*Task instructions*.
Copy every record exactly, and keep the pictures out.

*Supplied entries*.
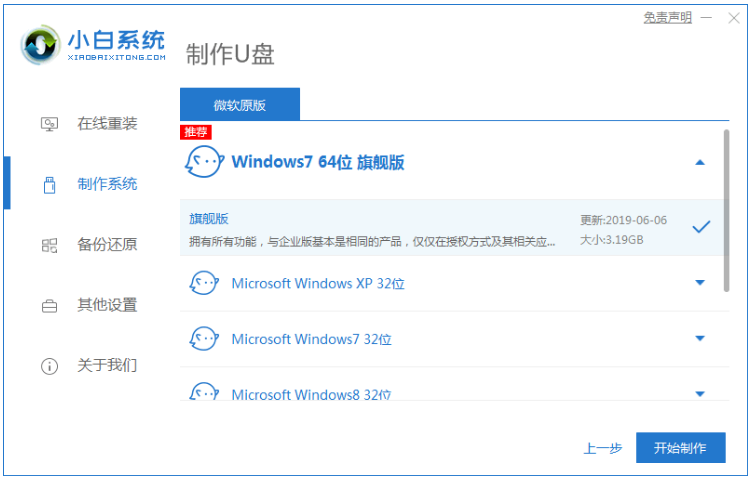 2、我們選擇需要安裝的win7系統,點擊開始制作。
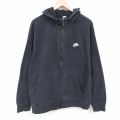 XL★古着 ナイキ NIKE 長袖 フルジップ スウェット パーカー メンズ ワンポイントロゴ 大きいサイズ 黒 ブラック 25may24 中古 スエット トレーナー トップス
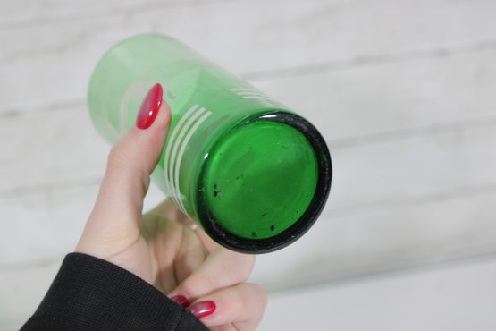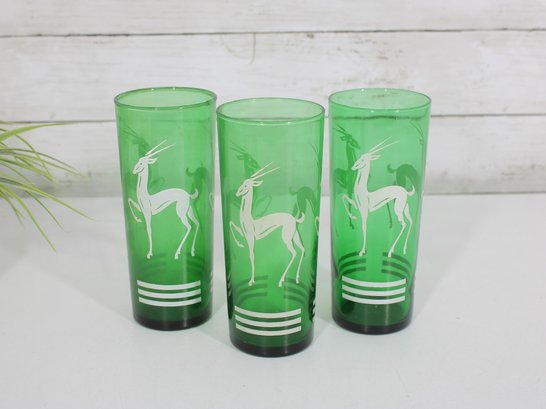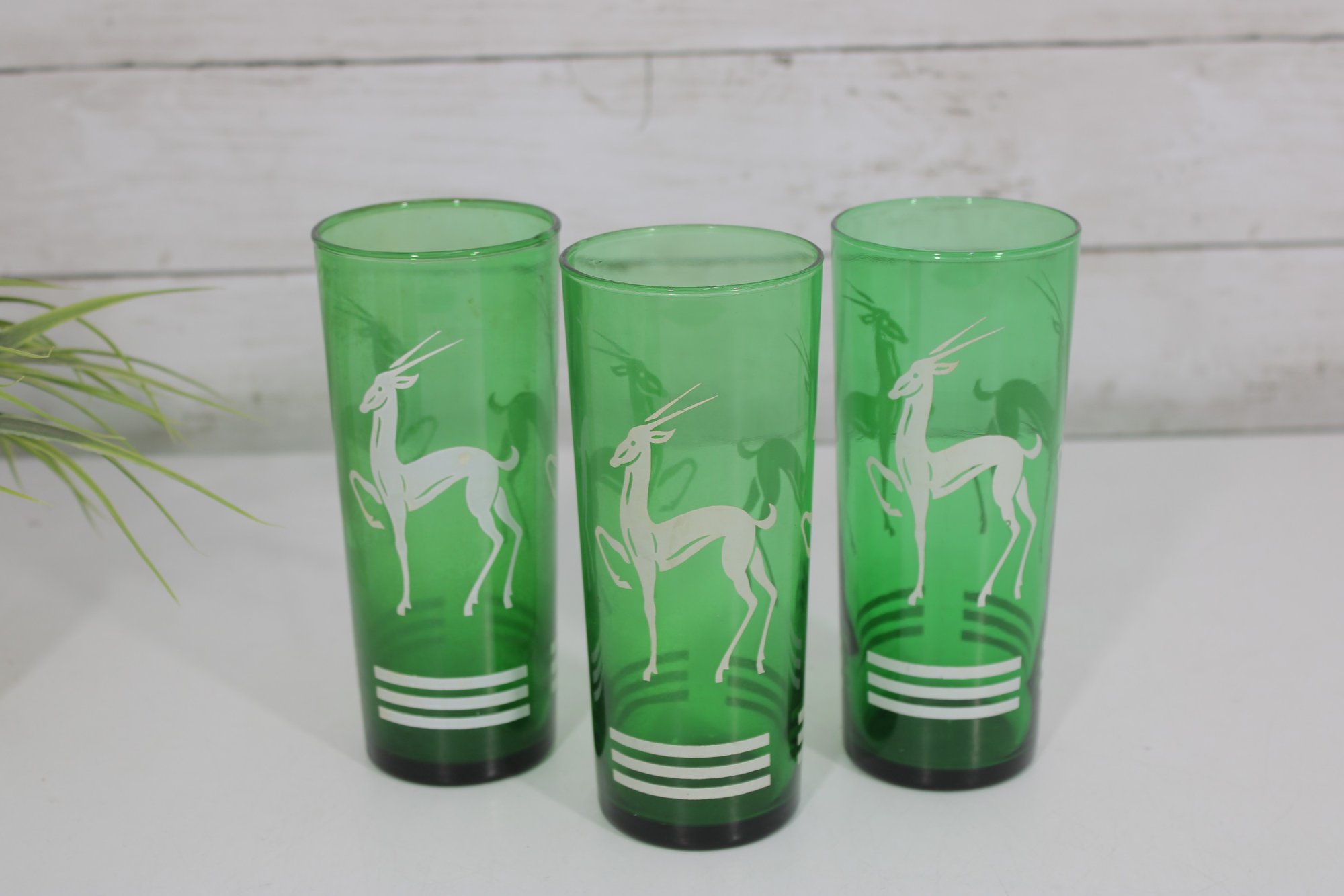 set of 3 vintage mid-century modern barware glasses, featuring elegant gazelle/antelope motifs in crisp white against vibrant green glass.
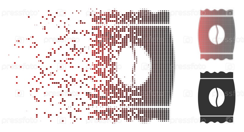 Векторный иконка упаковки кофейных бобов в сломанном, пунктированном полутоне и неповрежденной твердой версии.Эффект дезинтеграции использует прямоугольные точки и горизонтальный градиент от красного к черному
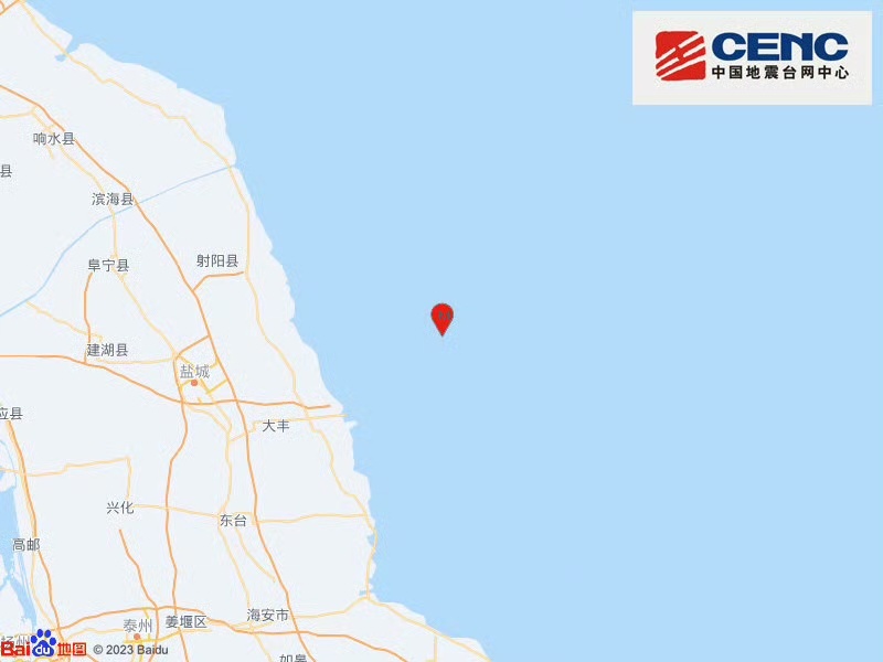 鹽城大豐區(qū)海域發(fā)生3.4級地震 震源深度17千米
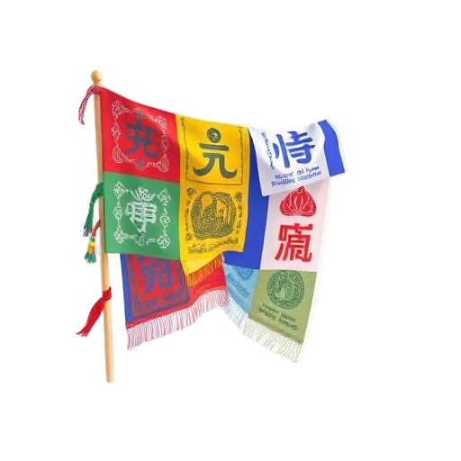 Tibetan prayer flags are colorful rectangular cloths printed with sacred Buddhist mantras, symbols, and prayers, traditionally hung to spread blessings with the wind in religious and spiritual contexts.
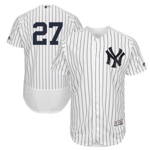Authentic MLB Yankees #27 Giancarlo Stanton White Strip Flexbase Authentic Collection Stitched MLB Jersey
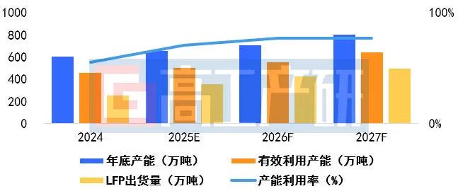 据GGII数据显示,2025H1中国磷酸铁锂正极材料出货量161万吨,同比增长68%,磷酸铁锂材料产能利用率大幅度提升,预计2025年磷酸铁锂材料出货量有望达到350万吨,有效产能利用率有望超过70%,到2027年其有效产能利用率有望超75%。

*Solution to the exercise*.
 2、我們選擇需要安裝的win7系統,點擊開始制作。
 XL★古着 ナイキ NIKE 長袖 フルジップ スウェット パーカー メンズ ワンポイントロゴ 大きいサイズ 黒 ブラック 25may24 中古 スエット トレーナー トップス
 set of 3 vintage mid-century modern barware glasses, featuring elegant gazelle/antelope motifs in crisp white against vibrant green glass.
 Векторный иконка упаковки кофейных бобов в сломанном, пунктированном полутоне и неповрежденной твердой версии.Эффект дезинтеграции использует прямоугольные точки и горизонтальный градиент от красного к черному
 鹽城大豐區(qū)海域發(fā)生3.4級地震 震源深度17千米
 Tibetan prayer flags are colorful rectangular cloths printed with sacred Buddhist mantras, symbols, and prayers, traditionally hung to spread blessings with the wind in religious and spiritual contexts.
Authentic MLB Yankees #27 Giancarlo Stanton White Strip Flexbase Authentic Collection Stitched MLB Jersey
 据GGII数据显示,2025H1中国磷酸铁锂正极材料出货量161万吨,同比增长68%,磷酸铁锂材料产能利用率大幅度提升,预计2025年磷酸铁锂材料出货量有望达到350万吨,有效产能利用率有望超过70%,到2027年其有效产能利用率有望超75%。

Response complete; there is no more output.